Домна высоко вознесла голос, и вслед за протяжным тоскливым полетом его приподнялась и сама вся, от сухоньких ножонок в шерстяных головках, до черного повойника; и руки, вынырнув из-под передника, тоже вскинулись над головой и с неожиданной силой хлопнулись о колена. Словно бы себя рубила, себя четвертовала Домна, нещадно ударяя сплеча костяными ладонями, и с каждым зачином доставала из грудных крепей трубный надсадный всхлип, похожий на то крайнее, наводящее на всех слезу рыданье, с каким вдова провожает любимого мужа, когда того опускают в могилу. И тут товарки Домнины все зажмурились поначалу, опустили головы, а после и завсхлипывали, заревели не стыдясь.

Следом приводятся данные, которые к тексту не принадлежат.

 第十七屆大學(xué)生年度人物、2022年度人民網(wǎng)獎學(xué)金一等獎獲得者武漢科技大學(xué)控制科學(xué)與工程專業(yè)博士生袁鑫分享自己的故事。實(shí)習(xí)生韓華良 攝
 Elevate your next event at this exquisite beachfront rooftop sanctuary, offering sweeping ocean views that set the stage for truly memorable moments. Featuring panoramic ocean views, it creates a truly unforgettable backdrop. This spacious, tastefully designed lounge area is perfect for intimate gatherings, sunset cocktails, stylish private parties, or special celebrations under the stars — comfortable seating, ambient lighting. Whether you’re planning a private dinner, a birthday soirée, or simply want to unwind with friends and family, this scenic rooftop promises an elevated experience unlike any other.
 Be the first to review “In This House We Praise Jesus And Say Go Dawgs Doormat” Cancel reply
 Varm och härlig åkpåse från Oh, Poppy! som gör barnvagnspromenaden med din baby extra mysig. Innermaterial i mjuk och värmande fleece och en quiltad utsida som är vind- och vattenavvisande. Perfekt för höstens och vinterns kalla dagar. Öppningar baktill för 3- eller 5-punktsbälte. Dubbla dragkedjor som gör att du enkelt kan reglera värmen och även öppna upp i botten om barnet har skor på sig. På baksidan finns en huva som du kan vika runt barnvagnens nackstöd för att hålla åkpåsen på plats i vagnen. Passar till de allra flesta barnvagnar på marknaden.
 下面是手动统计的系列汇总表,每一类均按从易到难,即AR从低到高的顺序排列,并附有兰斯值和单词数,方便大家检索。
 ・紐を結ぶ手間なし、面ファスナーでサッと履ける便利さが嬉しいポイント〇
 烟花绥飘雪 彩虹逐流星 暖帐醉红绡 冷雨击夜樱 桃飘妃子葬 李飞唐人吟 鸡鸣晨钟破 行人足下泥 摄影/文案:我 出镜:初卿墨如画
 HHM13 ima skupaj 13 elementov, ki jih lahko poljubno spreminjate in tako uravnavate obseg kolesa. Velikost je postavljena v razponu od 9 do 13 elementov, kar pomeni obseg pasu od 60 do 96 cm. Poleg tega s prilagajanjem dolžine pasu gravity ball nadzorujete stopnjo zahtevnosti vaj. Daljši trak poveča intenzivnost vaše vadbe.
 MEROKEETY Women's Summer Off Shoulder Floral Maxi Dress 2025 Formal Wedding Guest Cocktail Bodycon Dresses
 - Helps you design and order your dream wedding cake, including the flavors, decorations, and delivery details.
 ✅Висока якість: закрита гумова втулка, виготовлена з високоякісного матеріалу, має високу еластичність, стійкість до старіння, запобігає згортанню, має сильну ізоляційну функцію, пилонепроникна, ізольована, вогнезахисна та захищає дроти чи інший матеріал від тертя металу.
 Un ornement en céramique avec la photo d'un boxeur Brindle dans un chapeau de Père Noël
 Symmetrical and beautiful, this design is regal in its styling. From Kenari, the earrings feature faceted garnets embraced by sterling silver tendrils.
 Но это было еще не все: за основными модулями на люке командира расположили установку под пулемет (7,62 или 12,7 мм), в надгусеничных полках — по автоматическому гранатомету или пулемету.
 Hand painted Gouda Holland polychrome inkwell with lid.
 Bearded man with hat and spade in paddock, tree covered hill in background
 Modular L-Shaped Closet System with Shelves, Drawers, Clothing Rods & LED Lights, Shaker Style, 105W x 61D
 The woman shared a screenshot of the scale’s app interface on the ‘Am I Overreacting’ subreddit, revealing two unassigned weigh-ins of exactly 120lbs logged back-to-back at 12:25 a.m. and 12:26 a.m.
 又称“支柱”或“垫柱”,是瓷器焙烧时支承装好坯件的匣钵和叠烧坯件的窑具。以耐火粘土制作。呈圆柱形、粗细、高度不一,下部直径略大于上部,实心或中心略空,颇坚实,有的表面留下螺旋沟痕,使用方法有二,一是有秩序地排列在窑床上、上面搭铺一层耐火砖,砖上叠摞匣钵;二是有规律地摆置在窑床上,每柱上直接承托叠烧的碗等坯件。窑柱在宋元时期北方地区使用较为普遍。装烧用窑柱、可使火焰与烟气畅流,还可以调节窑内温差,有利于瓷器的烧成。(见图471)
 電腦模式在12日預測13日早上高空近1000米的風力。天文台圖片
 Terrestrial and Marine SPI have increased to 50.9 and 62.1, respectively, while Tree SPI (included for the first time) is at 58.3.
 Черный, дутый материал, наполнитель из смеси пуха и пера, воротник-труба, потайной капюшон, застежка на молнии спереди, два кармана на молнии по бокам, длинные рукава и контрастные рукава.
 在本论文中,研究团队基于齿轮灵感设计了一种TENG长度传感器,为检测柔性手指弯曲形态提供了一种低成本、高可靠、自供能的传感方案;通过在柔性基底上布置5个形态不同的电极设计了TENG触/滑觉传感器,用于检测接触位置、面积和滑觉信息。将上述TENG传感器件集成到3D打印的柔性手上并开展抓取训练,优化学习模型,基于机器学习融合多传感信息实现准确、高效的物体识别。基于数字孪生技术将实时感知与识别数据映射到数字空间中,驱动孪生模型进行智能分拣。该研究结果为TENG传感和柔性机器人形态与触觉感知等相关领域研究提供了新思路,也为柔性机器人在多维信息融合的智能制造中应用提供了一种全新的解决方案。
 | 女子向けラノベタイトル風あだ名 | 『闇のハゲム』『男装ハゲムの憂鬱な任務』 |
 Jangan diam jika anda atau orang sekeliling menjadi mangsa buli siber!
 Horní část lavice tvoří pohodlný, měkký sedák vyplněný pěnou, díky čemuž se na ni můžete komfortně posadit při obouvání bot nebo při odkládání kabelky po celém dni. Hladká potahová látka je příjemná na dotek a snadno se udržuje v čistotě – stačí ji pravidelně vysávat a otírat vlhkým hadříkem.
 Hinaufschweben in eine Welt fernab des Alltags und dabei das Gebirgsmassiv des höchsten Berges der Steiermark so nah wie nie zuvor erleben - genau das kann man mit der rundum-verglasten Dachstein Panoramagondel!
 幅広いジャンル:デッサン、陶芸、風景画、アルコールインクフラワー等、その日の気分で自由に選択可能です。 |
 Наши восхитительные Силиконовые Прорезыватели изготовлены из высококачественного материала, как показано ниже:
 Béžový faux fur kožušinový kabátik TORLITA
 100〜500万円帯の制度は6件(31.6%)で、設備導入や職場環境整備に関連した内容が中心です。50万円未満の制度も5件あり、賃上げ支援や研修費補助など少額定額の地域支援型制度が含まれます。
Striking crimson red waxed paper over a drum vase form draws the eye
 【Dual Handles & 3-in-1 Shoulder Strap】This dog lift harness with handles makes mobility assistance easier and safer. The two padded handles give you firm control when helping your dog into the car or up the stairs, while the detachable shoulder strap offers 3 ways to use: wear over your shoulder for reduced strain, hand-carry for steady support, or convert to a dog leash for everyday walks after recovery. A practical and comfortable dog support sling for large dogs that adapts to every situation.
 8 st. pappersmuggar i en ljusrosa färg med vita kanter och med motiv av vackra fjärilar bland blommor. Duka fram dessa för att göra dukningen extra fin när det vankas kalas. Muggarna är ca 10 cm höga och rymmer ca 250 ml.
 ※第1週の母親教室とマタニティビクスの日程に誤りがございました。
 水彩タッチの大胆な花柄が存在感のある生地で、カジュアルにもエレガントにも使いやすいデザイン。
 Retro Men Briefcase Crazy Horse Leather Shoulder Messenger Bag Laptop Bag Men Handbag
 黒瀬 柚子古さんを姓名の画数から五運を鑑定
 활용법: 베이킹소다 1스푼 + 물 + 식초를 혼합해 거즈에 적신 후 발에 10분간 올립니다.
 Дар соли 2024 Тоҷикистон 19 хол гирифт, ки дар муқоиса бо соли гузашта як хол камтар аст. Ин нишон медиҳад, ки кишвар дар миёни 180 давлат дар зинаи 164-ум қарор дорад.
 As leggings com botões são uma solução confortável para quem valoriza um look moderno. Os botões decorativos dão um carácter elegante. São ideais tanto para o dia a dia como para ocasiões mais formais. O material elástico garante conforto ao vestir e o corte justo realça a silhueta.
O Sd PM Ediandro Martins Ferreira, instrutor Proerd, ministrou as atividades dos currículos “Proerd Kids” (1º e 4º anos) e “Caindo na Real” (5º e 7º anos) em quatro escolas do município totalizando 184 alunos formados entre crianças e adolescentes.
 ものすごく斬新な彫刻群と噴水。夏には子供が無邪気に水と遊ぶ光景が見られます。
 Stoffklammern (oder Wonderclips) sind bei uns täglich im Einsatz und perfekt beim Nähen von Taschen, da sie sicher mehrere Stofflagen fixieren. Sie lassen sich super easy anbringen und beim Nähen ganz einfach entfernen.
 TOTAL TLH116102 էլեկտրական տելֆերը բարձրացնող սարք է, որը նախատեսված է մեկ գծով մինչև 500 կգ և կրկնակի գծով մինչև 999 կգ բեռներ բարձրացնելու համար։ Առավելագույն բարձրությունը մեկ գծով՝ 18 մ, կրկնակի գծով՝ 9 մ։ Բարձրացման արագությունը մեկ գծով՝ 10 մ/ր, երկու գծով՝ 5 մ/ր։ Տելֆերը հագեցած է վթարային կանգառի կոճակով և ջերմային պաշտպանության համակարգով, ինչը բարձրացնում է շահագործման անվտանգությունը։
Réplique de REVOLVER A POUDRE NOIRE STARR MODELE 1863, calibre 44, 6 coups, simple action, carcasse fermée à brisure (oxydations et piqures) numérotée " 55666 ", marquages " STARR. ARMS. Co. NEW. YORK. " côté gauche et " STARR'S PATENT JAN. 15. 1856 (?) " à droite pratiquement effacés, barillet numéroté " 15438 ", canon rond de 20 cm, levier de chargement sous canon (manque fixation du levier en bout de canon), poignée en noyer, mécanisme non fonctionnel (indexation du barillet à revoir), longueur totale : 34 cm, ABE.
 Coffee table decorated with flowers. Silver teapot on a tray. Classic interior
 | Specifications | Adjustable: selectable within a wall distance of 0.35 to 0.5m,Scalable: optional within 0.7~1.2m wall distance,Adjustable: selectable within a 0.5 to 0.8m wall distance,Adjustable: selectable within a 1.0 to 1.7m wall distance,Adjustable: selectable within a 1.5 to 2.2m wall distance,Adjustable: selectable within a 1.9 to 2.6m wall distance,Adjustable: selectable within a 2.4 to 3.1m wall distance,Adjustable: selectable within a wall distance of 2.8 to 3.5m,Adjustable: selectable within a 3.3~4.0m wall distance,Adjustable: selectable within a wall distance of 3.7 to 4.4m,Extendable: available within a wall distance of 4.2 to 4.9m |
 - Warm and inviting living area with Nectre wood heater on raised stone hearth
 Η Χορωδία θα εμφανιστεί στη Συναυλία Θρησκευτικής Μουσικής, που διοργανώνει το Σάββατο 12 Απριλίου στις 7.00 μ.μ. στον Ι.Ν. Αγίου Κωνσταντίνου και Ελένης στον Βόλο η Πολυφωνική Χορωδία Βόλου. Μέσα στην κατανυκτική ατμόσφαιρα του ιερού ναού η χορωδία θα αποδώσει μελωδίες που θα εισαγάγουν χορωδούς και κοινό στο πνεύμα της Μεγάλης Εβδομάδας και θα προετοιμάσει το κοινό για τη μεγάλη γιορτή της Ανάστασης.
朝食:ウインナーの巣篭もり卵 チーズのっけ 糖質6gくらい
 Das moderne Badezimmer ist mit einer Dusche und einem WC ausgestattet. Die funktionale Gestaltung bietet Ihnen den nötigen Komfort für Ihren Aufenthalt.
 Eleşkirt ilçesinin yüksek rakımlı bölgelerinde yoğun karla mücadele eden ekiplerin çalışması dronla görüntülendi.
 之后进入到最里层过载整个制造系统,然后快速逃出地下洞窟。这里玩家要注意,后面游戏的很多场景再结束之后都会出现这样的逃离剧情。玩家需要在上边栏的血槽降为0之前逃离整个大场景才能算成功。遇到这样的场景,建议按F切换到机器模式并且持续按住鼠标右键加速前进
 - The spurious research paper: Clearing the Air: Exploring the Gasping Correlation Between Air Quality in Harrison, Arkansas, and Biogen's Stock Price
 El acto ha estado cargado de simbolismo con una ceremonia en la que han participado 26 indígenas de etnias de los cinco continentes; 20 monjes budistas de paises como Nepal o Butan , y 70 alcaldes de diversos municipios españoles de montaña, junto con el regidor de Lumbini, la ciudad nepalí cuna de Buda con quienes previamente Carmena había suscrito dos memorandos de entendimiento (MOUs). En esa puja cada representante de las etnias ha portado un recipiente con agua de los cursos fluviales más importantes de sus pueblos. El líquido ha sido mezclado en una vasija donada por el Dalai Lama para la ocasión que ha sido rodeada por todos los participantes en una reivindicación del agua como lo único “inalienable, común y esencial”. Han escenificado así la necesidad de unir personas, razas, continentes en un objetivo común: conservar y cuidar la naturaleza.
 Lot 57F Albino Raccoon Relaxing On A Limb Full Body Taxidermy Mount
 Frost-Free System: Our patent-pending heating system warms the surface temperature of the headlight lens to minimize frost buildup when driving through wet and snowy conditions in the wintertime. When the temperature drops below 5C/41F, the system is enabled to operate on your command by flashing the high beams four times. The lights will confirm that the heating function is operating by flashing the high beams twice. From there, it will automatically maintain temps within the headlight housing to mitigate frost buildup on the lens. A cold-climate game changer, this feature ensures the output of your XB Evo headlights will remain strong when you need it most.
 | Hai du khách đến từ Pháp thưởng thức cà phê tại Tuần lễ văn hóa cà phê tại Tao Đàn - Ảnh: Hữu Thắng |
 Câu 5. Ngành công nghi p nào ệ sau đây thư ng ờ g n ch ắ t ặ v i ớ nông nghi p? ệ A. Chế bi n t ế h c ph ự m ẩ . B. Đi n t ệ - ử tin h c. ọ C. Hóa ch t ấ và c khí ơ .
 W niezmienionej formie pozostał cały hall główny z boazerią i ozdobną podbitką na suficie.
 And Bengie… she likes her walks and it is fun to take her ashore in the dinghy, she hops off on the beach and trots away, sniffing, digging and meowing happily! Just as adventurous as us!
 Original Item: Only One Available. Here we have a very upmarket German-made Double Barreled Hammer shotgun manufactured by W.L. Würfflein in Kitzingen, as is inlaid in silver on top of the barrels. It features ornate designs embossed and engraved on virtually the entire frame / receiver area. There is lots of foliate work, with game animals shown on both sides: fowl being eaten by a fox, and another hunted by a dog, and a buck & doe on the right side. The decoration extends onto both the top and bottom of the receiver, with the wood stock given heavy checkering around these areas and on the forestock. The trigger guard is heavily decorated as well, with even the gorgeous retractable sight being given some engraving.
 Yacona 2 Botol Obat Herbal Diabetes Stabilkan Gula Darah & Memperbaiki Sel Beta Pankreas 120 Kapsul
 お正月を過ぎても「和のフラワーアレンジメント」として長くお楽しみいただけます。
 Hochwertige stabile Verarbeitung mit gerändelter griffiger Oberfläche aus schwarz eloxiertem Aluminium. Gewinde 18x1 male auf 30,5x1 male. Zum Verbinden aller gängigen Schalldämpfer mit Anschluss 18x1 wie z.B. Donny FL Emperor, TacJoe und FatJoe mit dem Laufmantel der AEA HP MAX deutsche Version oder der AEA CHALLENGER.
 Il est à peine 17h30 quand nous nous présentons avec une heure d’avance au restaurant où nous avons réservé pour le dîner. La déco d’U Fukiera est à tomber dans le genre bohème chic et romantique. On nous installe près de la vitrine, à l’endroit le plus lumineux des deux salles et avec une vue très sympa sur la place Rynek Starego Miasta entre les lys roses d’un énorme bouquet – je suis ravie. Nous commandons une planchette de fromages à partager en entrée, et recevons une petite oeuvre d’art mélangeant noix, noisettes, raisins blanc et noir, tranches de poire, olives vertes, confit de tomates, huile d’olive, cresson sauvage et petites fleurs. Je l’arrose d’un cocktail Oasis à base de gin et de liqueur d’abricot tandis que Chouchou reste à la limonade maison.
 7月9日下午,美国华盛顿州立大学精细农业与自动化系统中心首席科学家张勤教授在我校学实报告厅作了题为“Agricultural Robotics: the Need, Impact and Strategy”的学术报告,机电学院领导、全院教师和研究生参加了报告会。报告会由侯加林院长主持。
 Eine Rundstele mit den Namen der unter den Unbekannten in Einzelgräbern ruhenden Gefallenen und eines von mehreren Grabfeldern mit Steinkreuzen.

Как, оказывается, близка бабья слеза, как отзывчива на чужое страданье женская непостигнутая душа, еще не засохшая от скорбей и усталости, ибо ей некогда уже ни засыхать, ни разрушаться... Завозили старухи платками, засморкались, лица набрякли и залоснились.
Нать головушку-то да чугунну.
Нать сердечушко-то да каменное.
Нать ведь горлышко-то да жестяное,
Нать утробушку-то да заячинну,
Дольше есть она чтобы да не хотела...
В груди у Баринова тоже неожиданно засаднело, напружилось, ком подкатил к горлу, гнетущая печаль поднялась с самого дна всколыхнувшейся души, и почувствовал профессор, как защипало веки. Он еще пробовал справиться с собою, покусывал губы, уставясь в столетию, иль рассматривал стеариновый сухой профиль своей помощницы, но в какое-то мгновенье вдруг упустил себя и охотно сдался, заплакал, не тая слез. Жизнь, прожитая давно, встала в памяти, и жизнь нынешняя по-иному осветилась, и туманное будущее тут предстало в своей реальной наготе: и понял Баринов, что он лишь крохотное семя, чудом возросшее на миру, коему вскоре завянуть, усохнуть и загинуть. Тленом покроется его имя, полынью зарастет память о нем, и забудут его куда ранее, чем крест погниет, съеденный жучками и лишаями и сроненный ветровалом к совсем чужой, тоже беспамятной могиле. А песня вот эта, исполненная в народе и сохраненная в нем, будет проживать если и не на слуху, так в тайной, незнаемой памяти Руси. Баринов думал цветисто и облегченно слезился по-старчески, легко отдаваясь во власть вопленицы.
Уж как чужа-то дальняя сторона,
Она горем да огорожена,
Тоскою да изнасеяна,
Печалью да изнасажена,
Слезами да исполивана.
А как своя-то да ближняя сторона,
Она радостью да огорожена,
Весельем да изнасеяна,
Она медом да исполивана,
Сахаром да изнасыпана...
– Ой, все, боле не могу, сердечушко лопнет, – оборвала себя вопленица и неожиданно засмеялась, засморкалась, освобождая дыханье. И все вокруг как-то облегченно и радостно заулыбались сквозь прощальную слезу. И лишь Баринов не мог уняться вот так сразу, умом хорошо понимая, что все слышанное сейчас – представление. Пиотр Донович, сердешный, да вы, никак, плачете? – Изумленно воскликнула Домна и жадно впилась взглядом в сытое, ухоженное лицо гостя, в его выпуклые покрасневшие глаза, в низко посаженный шишковатый нос. – Да ты, никак, плачешь, богоданный?
– Да вот, не сдержался. – Баринов отвернулся, чувствуя внезапную неловкость.
– Такая уж песня: хошь не хошь, но уревешься, – заговорили песенницы, уже по-иному оглядывая записывателя. – Вроде бы в шутку запела, но не удержишься, как ни строполи себя, – утешали сердобольно, как больного, тоже чувствуя неловкость оттого лишь, что подсмотрели вроде бы запретное.